In 2005 the U.S. Justice Department sued The Scooter Store, alleging that its advertising enticed seniors to obtain power scooters paid for by Medicare, and then sold patients more expensive scooters that they did not want or need. The Scooter Store settled that case in 2007 for $4 million.
As part of the settlement, The Scooter Store was operating under an agreement that made the company subject to periodic government reviews between 2007 and last year. In 2011, the latest review available, government auditors estimated that The Scooter Store received between $47 million and $88 million in improper payments for scooters.
The Scooter Store took no action to repay the money until February 2012, when the Health and Human Services' inspector general threatened to bar the company from doing business with Medicare, which accounts for about 75 percent of its income, according to its congressional testimony.
The company said the government's estimate was flawed and that it was willing to repay $19.5 million in overpayments. The company has paid about $5.7 million, with the rest scheduled for repayment over a 5-year period to be completed in 2017.
Medicare said in a January letter that it accepted the fee based on The Scooter Store's own assessment of what it owed, but that the agreement "does not absolve The Scooter Store from any further liability."
In recent months Sen. Richard Blumenthal, D-Conn. and other members of the Senate Aging Committee have pushed Medicare to recover the millions of dollars spent on unnecessary scooters each year. Those purchases totaled about $500 million in 2011, the latest year available, according to a report by the Department of Health and Human Services' inspector general.
Medicare, which says that it does not have control over how companies market chairs, launched a pilot program designed to reduce wasteful spending on scooters.
Under the program, government contractors in seven states review patients' medical documentation to make sure they need a wheelchair or scooter before approving payments for a device. The program is being tested in a small number of states — including Florida, California and New York — because the government must pay contractors extra to review additional paperwork.

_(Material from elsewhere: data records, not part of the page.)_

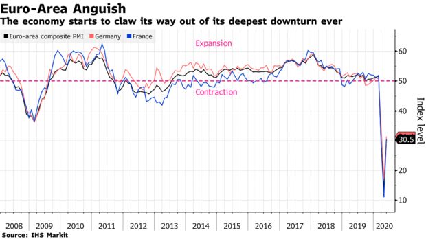 The euro-area economy starts to claw its way out of its
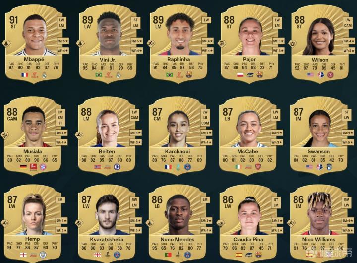 《FC26》中的左边锋和左边前卫的能力值已经被曝光,其中,姆巴佩第一,拉菲尼亚和维尼修斯并列第二。
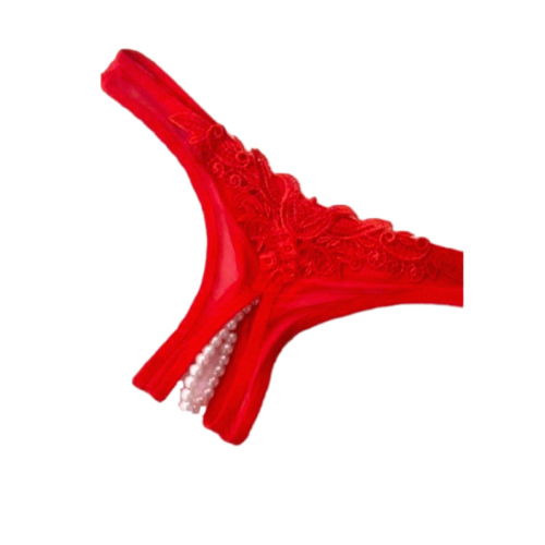 Özel Bölgesi Açık İncili Fantazi Külot Kırmızı
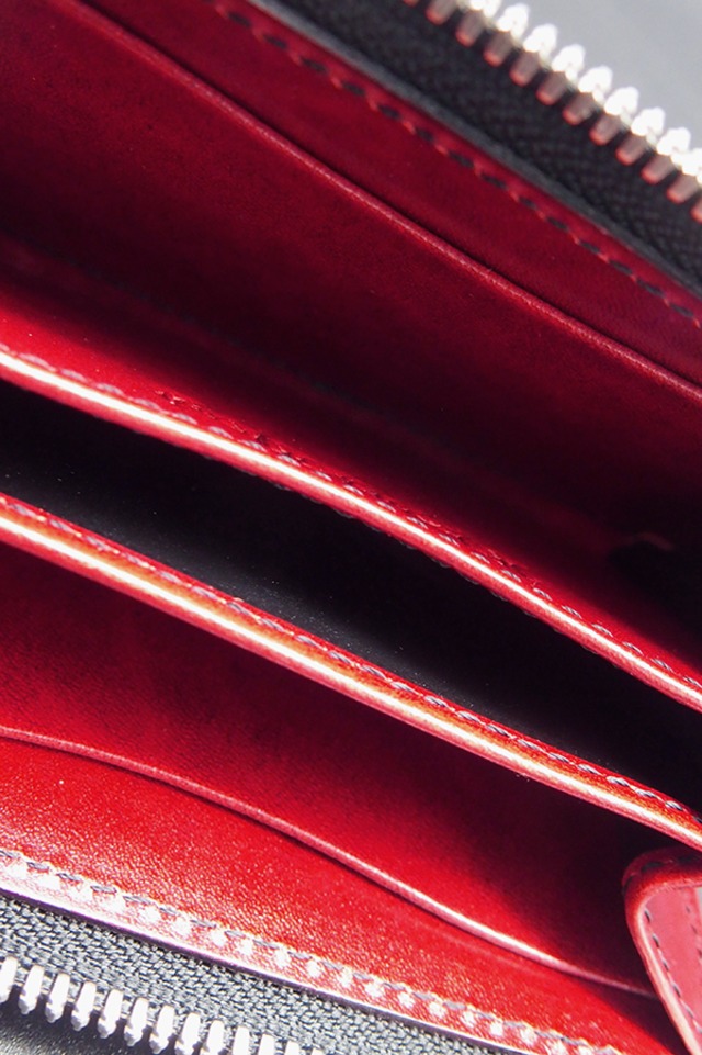 インナーはベルギー伝統のレザー、ルガトショルダーのカーディナルレッドを採用。艶やかな発色と、そこに浮かび上がるトラの縞模様がこの革の特徴です。通常は、表側に使用する高級レザーですが、内張に使用。贅沢な仕様となっております。
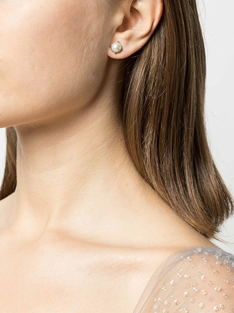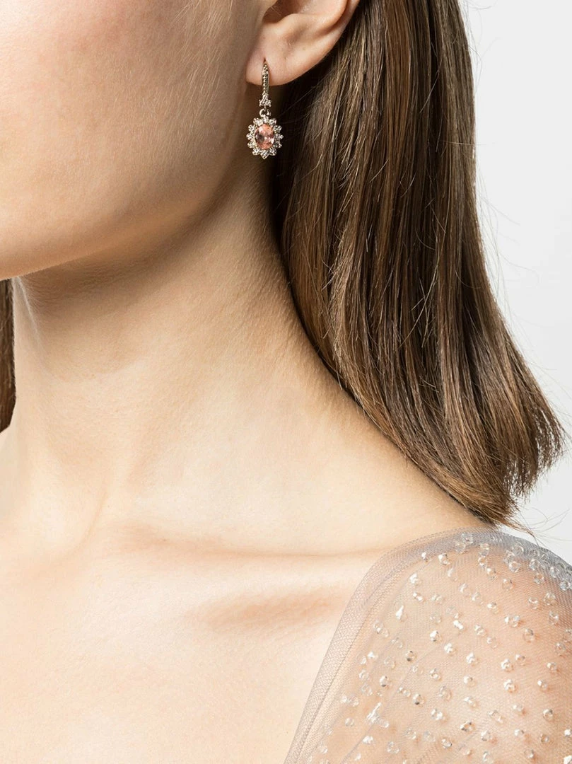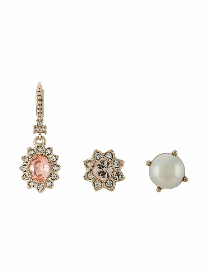 Gold, Blush and White tone earring trio set featuring an oval cut pink stone drop earring with a crystal encrusted floral stud and a pearl accent stud.
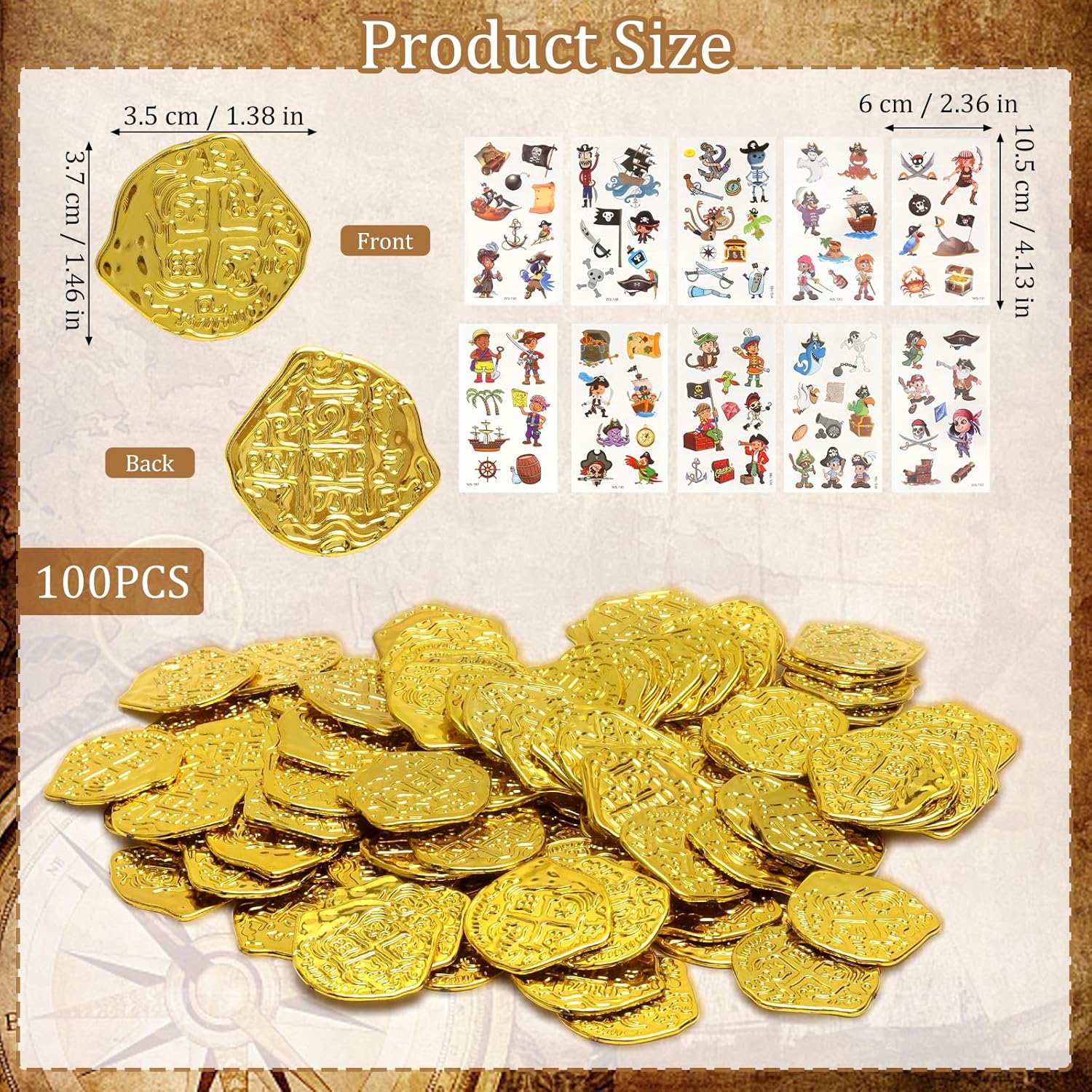 【Set completo con adesivi】Riceverai 100 monete dorate da circa 3,5 x 3,7 cm e 140g più 10 adesivi a tema pirite, ideali per caccia al tesoro per feste compleanno e giochi a tema pirata per bambini 【Design realistico e accattivante】Le monete finte presentano motivi classici come teschi o forzieri. Il colore dorato brillante aggiunge un tocco autentico alle decorazioni per feste o giochi con soldi finti 【Materiali sicuri e inodori】Realizzate in plastica PP, le monete finte sono leggere, non tossiche e prive di bordi taglienti. Sicure anche per i più piccoli, perfette per giochi educativi o premi 【Multifunzione per ogni occasione】Adatte a caccia al tesoro, feste di compleanno, giochi di ruolo, attività scolastiche o come riempitivo calendario dell’avvento. I soldi finti si integrano perfettamente in ogni evento a tema pirata 【Giocattolo decorativo ed educativo】Oltre a essere soldi finti euro reali, queste monete sono perfette per decorazioni da tavolo, premi scolastici o piccoli regali a sorpresa per bambini
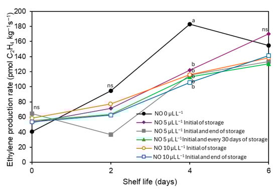 Ethylene production rate in ‘Fuji Mishima’ apples after 8 months of storage in a controlled atmosphere (1.0 kPa O2 + < 0.5 kPa CO2; 1.0 ± 0.2 °C; 94 ± 2% RH), upon chamber opening (Day 0), and after the subsequent 6 days of shelf life (20 ± 1 °C; 65 ± 5% RH), as a function of nitric oxide (NO) application in two doses (5 or 10 µL L−1) and at different times during storage. Treatments followed by the same letter in the same evaluated day do not differ by the Scott–Knott test (p < 0.05). ns: not significant by ANOVA.
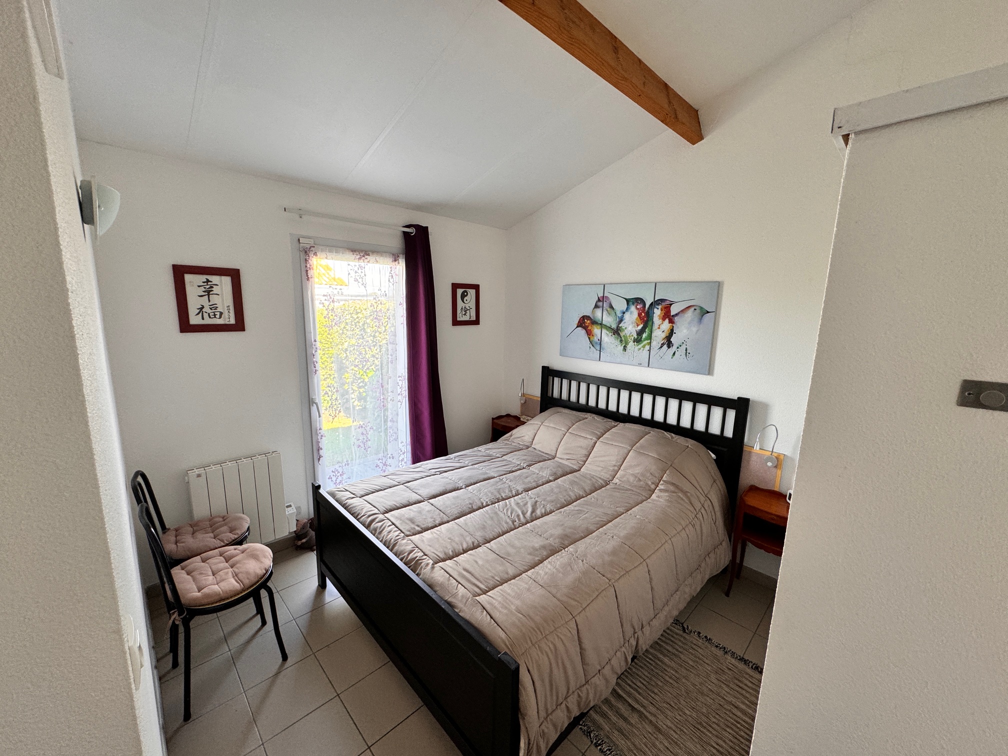 - voilage + rideaux occultants et volets sur toutes les fenêtres

The program has been criticized by The Scooter Store's executives, who say that contractors are too strict in their reviews, rejecting payments for power chairs that are genuinely needed.
The reduced payments are taking a toll on the company, which was founded in 1991. The Scooter Store has spent nearly $1 million lobbying Congress over the last two years, almost exclusively focused on the Medicare review program. And the company laid off about 370 employees in the past year, blaming the reduced payments it's been getting from Medicare.
Then, last week, The Scooter Store notified most of its remaining 1,800 employees that their jobs were being eliminated. The company said in a statement to the Associated Press that it is operating with a workforce of 300 employees — down from the 2,500 workforce it had at its peak — while trying to restructure its operations.
The mass layoffs followed a raid in February by about 150 agents from the FBI, the Department of Justice and the Texas attorney general's Medicaid fraud unit at the company's headquarters.
Federal authorities have declined to speak about the raid, but scooter industry critics in Congress praised the action.
"This raid is a welcome step toward cracking down on waste and fraud in Medicare," said Blumenthal, the Connecticut senator. "I have urged action to stop abusive overpayments for such devices — costing taxpayers hundreds of millions of dollars and preying on seniors with deceptive sales pitches."